Abstract

To investigate the efficacy of esmolol in protecting the myocardium from ischemia during pediatric cardiac surgery. Esmolol, an ultra-short acting beta 1-adrenoceptor blocker, reduces myocardial injury in adult cardiac operations. However, this technique is rarely used in pediatric cardiac surgery. Thirty children with ventricular septal defect were randomly allocated to the esmolol group and the control group.
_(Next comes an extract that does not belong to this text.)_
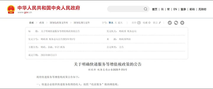 8月12日,财政部、国家税务总局公布《关于明确快递服务等增值税政策的公告》,公告明确,快递企业提供快递服务取得的收入,按照“收派服务”缴纳增值税。

Patients received intravenous esmolol (0.05mg·kg(-1) ·min(-1) after tracheal intubation, 0.3 mg·kg(-1) ·min(-1) during cardiopulmonary bypass (CPB) and 0.03-0.05 mg·kg(-1) ·min(-1) until the end of surgery) or placebo, respectively. Plasma levels of creatine kinase-MB, cardiac troponin I in the esmolol group 2 min after completion of CPB, at the end of surgery, 4h after surgery, and the first postoperative day were significantly lower than those in the control group. Values of heart rate 10min after induction, 2min before institution of CPB, 2min after completion of CPB, and at the end of surgery were significantly lower in the esmolol group; however, mean arterial pressure, CPB time, cross-clamp time, and the rate of heart spontaneous rebeating were not statistically different between two groups. Cumulative postoperative dosage of dopamine in the esmolol group (100.1±53.1mg) was significantly less than that in the control group (171.4±92.1mg). Esmolol can protect the myocardium from ischemic injury during CPB in children and significantly reduce the use of inotropic drug.